Sean bit his lip. He didn't like it. Not one bit, and yet the target was too good to miss. “We might not be able to get the attack squad out.”

“So? McCutcheon's expendable.”

“He is not,” Sean's voice was icy.

“It's not for you or me to decide. That'll be Turlough's call.” He draped one arm round Sean's shoulder. He flinched from the man's touch. “Come on, Sean. Sooner or later, Davy's really going to fuck up. I told you he's past it. We might as well get some use out of him now.” He took his arm away and moved toward the big Philips television set. “Anyway, the lads'll be back from Libya after the middle of this month. We'll have more explosives experts than we'll know how to use.”

Sean said levelly, “You are talking about a no-hope mission.”
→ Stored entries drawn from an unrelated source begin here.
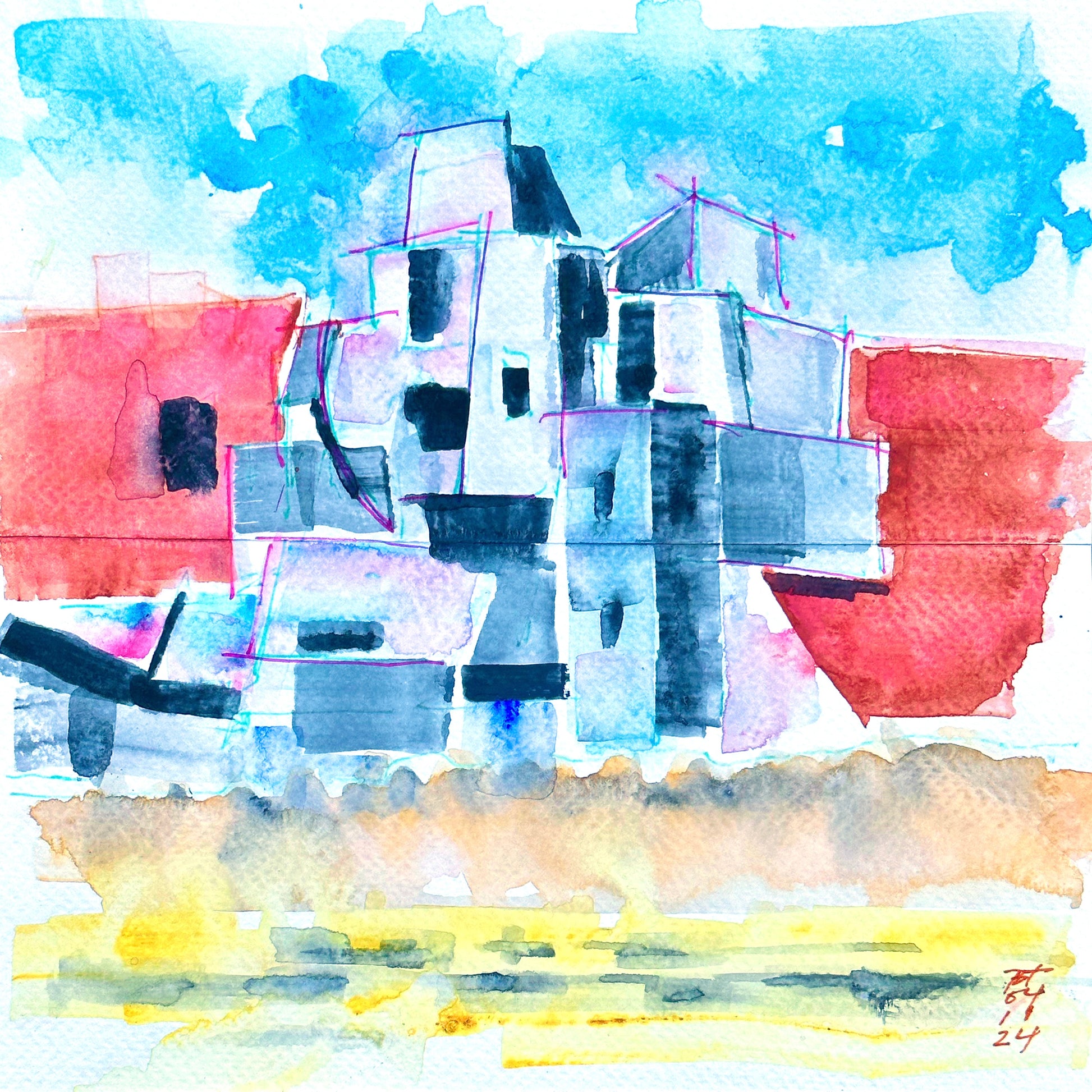 8" x 8". Fits nicely into this frame, with mat, from Amazon.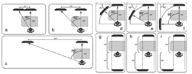 Proximidad física: la proximidad física entre fuentes de información se establece como la cercanía en términos de distancia [57] (figura 7). Medida en grados angulares [57], se identificó un impacto negativo en el tiempo de tarea y su precisión para separaciones superiores a 35° [58], con un comportamiento lineal del efecto [58]. Se estableció un ángulo de 27º como el óptimo de separación horizontal entre fuentes de información [59]. En los estudios revisados se evaluó la separación horizontal [44], pero no se identificó alguna evaluación para separación vertical. En dispositivos HMD, el tiempo y carga mental es menor [58], [60]. En tareas de alta frecuencia siempre fue preferida la distancia más corta [61].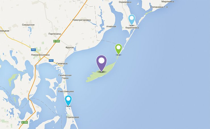 Второй маршрут — автодорога через село Кирилловка, что в соседней Запорожской области. Но только при условии хорошей погоды, когда шторм не перемывает Федотову косу.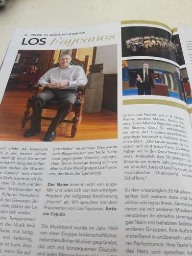 Hablamos con el presidente de Los Faycanes, Antonio Cejudo. La banda de música fue fundada en 1969 por un grupo de músicos apasionados a tiempo parcial que se abrieron camino en los corazones de las personas con una disciplina constante y mucha creatividad y apertura. Su repertorio comenzó con música folclórica tradicional. Canciones tradicionales posteriores (cancionero canario) de los grandes letristas y poetas canarios, como B. Néstor Álamo, Andrés Macías, Emilio Gómez, Juan Alberto Monzón y Pancho Guerra. Entonces desarrollaron una especie de folclore canario hispanoamericano.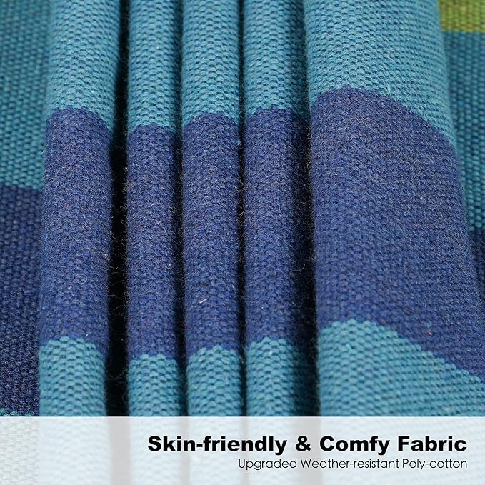 - ✅ANTI-ROLLOVER SPREADER BAR: Upgraded hammocks with anti-rollover curved spreader bars design, the 9 thicker cotton ropes are evenly distributed to make the hammock more stable, ensuring a balanced sleeping experience.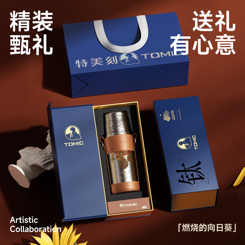 时尚压花手拎杯套;纯钛茶隔,轻松过滤;5D纳米鎏金真空技术

Brendan smiled. “Not at all. We'll get started on the logistics tomorrow.” He turned the on switch. “
Match of the Day
'll be on in a minute,” he said, “'Spurs and Manchester.”

 

THIRTY-NINE

WEDNESDAY, APRIL 3

Marcus sat in the frayed armchair, feet propped up on the candlewick bedspread, and wondered what the hell he had let himself in for. For two months he had become another man. Mike Roberts might have developed more sophisticated tastes in Canada but would be no stranger to squalor, scruffy boozers, and the premises of “turf accountants,” as bookies styled themselves.

Living as a slum Catholic for the last month had been an eye-opener. Marcus could understand now why Captain Warnock had said it was more attractive for men to be PIRA volunteers than unemployed greyhound walkers.

And Mike had new friends, big Eamon and wee Jimmy, and an avowed interest in joining the Provos. He had fallen hopelessly for Siobhan Ferguson, but was the kind of man who would be too proud to go begging her to reconsider what she had repeated three days ago when he had brought her back from Gransha, that she thought it better if he didn't come round anymore.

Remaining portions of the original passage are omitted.